Title: Re: advice for a new mustachian MD
Post by: frugaldrummer on April 23, 2014, 02:59:46 PM
Are you an employee or, like so many physicians, an "independent contractor"?  If so, could you put any additional monies away in a SEP-IRA or other vehicle?

My ex worked for a large HMO but was an independent member of the physician's group - he had a 401 k but also a Keogh.  I'm in private practice and I contribute to my IRA, but if I was in a position to put more money away right now, I'd probably open a SEP.

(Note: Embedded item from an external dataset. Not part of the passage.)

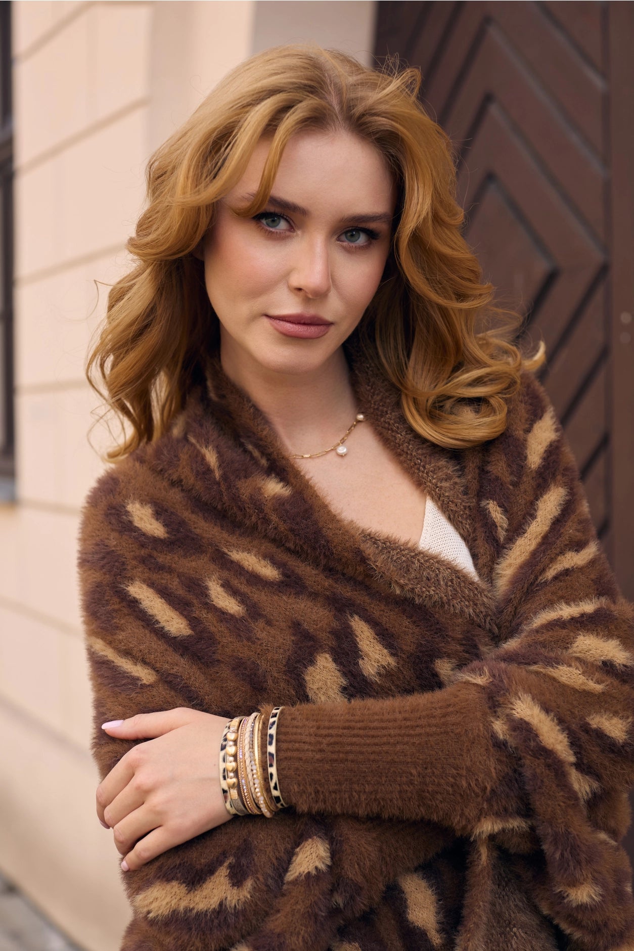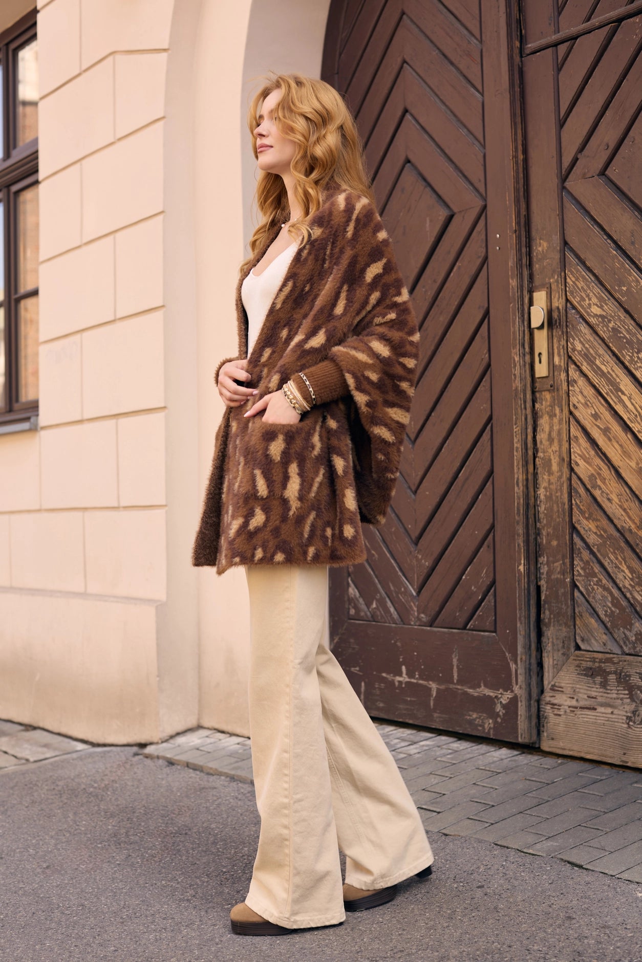 The Animal Print Eyelash Knit Cardigan offers a perfect blend of plush texture and daring design. Crafted from a fine eyelash knit, it drapes gracefully and features a distinctive animal print that radiates sophisticated charm. Perfect for staying warm with elegance, this cardigan elevates everyday looks or adds a stylish, unexpected twist to more formal attire. Imported, made from 100% Nylon.

I agree with getting your disability and life insurance in place.  And with paying off your student loans, at least the high interest ones.  What you really want to achieve is FLEXIBILTY - low enough monthly bills and high enough savings to be able to make any future choices about career based on what YOU want to do, not what you HAVE to do.  So I would max out your current retirement vehicles, pay off the student loans (except maybe that 2%) and then start investing in some accessible vehicle up to the amount it would take to pay off your house. 
Title: Re: advice for a new mustachian MD
Post by: The Happy Philosopher on April 23, 2014, 03:17:35 PM
Thanks for the great advice all.  I am working on the IRA and 401K now.  the main thing I take away from your comments is that the last thing I should put money towards is the mortgage, b/c I will always be able to deduct that interest no matter my income.   

@PhxMustachian: Interesting advice about funding but not touching the HSA...I wasn't aware that this can be tapped at retirement for anything other than qualified medical expenses.  Is this correct?

@seattlecyclone: I agree about killing the debt at 6.8%.  Its really a shame that the government lends money at such confiscatory rates for education.  I have had credit cards, unsecured lines of credit, and auto loans with lower APRs.  Unreal...

@GoldenStache: appreciate comment about HELOC but no good for me since I don't have much equity, just closed in December.

@frugaldoc: appreciate the link.  great trove of resources there.  I will explore the 529 a bit more but fortunately here in FL there is no state tax, so no deduction!

One more consideration, Florida has a huge homestead exemption so paying down a mortgage will effectively shield assets from creditors, whereas money in a taxable account is exposed. Depending on your malpractice coverage and specialty this may be something to consider.